Homélie du dimanche 31 mars 2019

Luc 15, 1-32 – UNE PARABOLE POUR NOTRE TEMPS24 T.O. C

Nous venons d’écouter la parabole du père miséricordieux, autrefois la parabole de « L’Enfant prodigue ». Dans cette parabole, Jésus a voulu nous faire entrer profondément dans le mystère de Dieu et dans le mystère de la condition humaine.

Le fils cadet dit à son père : « donne-moi la part d’héritage qui me revient ». Le père accède à son souhait sans rien dire, car c’est le fils qui doit choisir librement son chemin. Le père le voit s’en aller, mais ne l’abandonne pas ; son cœur de père l’accompagne. Chaque matin il l’attendra. De même que dans la parabole le père garde le silence, de même Dieu ne force personne ; à nous de choisir.

Peu de temps après, son aventure commence à devenir un drame. Survient une « terrible famine » et il ne peut survivre qu’en étant l’esclave d’un étranger et en gardant ses porcs. Ses paroles révèlent sa tragédie : « Ici, je meurs de faim ».

C’est justement le retour au foyer de ce jeune frère qui a toujours attiré l’attention des prédicateurs. Le jeune homme entra en lui-même et, en pénétrant dans son propre vide, il se rappelle le visage de son père associé à une abondance de pain : Chez mon père ils ont du pain en abondance et moi ici je meurs de faim.  Le désir d’une nouvelle liberté auprès de son père s’éveille dans son cœur. Il reconnait son erreur et prend une décision. : Je me lèverai et je reviendrai vers mon père. Son retour au foyer et l’accueil incroyable du père qui sort en courant à la rencontre de son fils, se jette à son cou et se met à le couvrir de baisers avec effusion, ses accolades et ses baisers disent mieux son amour de père que tous les livres de théologie.

Cependant, la parabole parle aussi du fils aîné, un garçon qui reste auprès de son père et qui n’imite pas la vie désordonnée de son frère, loin du foyer. Lorsqu’il est informé de la fête organisée par son père pour accueillir le fils perdu, il se sent troublé. Contrairement à son père, le retour de son frère ne suscite pas chez lui de la joie mais plutôt de l’indignation : « il se mit en colère et il refusait d’entrer à la fête ». Lui, n’était jamais parti de la maison mais maintenant il se sent comme un étranger parmi les siens.

Le père sort à sa rencontre pour l’inviter, avec la même affection dont il avait accueilli son frère.
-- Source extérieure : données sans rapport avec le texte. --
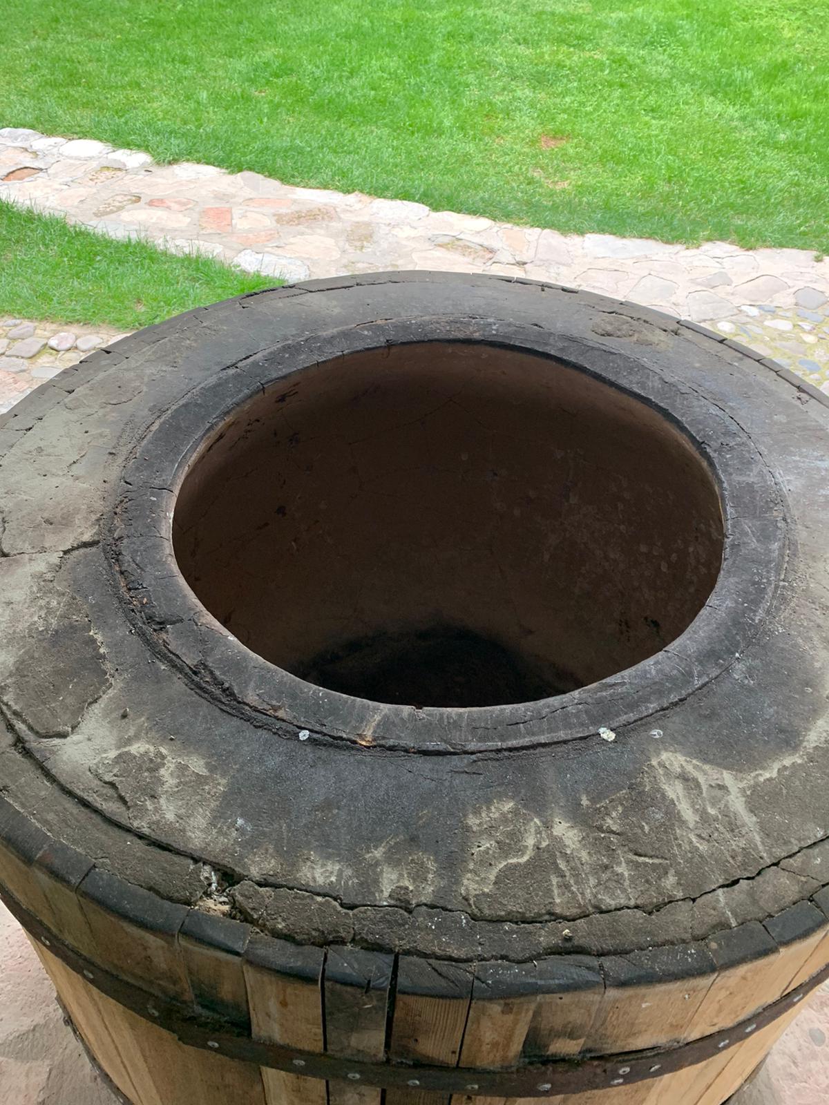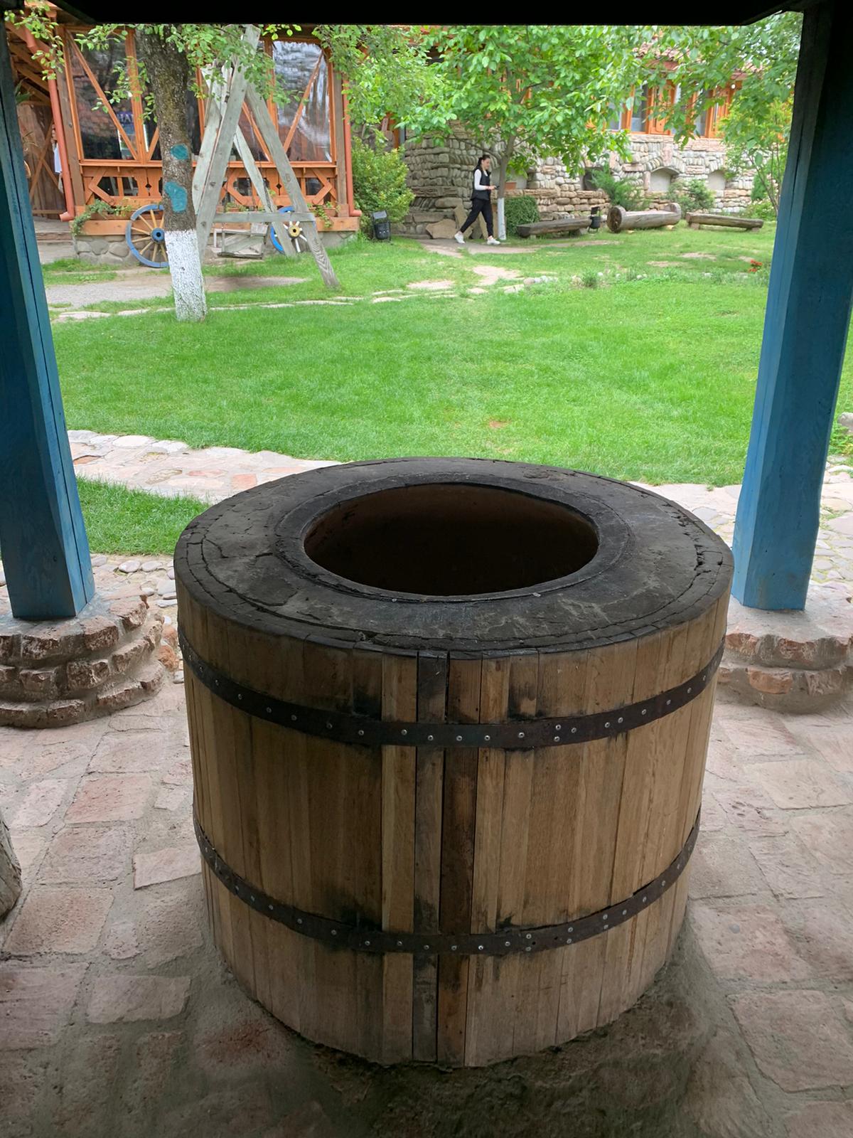 A tone in a friend's backyard in Tbilisi. Having one of these outdoor ovens is quite a common site at homes. But because of the time & all involved in firing it up, usually 15-20 loaves are baked at once.

Il ne crie pas sur lui, ni lui donne des ordres. Avec un amour humble, « il essaie de le persuader » pour qu’il prenne part à la fête de l’accueil. C’est alors que le fils éclate, laissant voir tout son ressentiment. Lui, il a passé toute sa vie à obéir aux ordres de son père, mais il n’a pas appris à aimer comme son père est capable d’aimer. Maintenant, il ne sait qu’exiger ses droits et dénigrer son frère.

C’est là la tragédie du fils aîné. Il n’a jamais quitté la maison, mais son cœur est resté toujours loin. Il sait accomplir les commandements mais il ne sait pas aimer. Il ne comprend pas l’amour de son père à l’égard de ce fils perdu. Il n’accueille pas et ne pardonne pas. Il ne veut rien savoir de son frère. Et Jésus finit sa parabole sans satisfaire notre curiosité : finalement, est-il entré dans la fête ou est-il resté dehors ?

Le fils aîné constitue une interpellation pour nous, qui croyons vivre dans la maison du Père. Que sommes-nous en train de faire : Assurer notre survie religieuse en observant le mieux possible ce qui est prescrit, ou bien d’être des témoins du grand amour de Dieu pour tous ses fils et ses filles ? Construisons-nous des communautés ouvertes, capables de comprendre, d’accueillir et d’accompagner ceux et celles qui cherchent Dieu au milieu de leurs doutes et de leurs questions. Dressons-nous des barrières ou savons-nous tendre des ponts ? Savons-nous leur offrir notre amitié ou les regardons-nous avec méfiance ? De même que dans la parabole le père garde le silence, de même Dieu ne force personne. C’est à nous de choisir.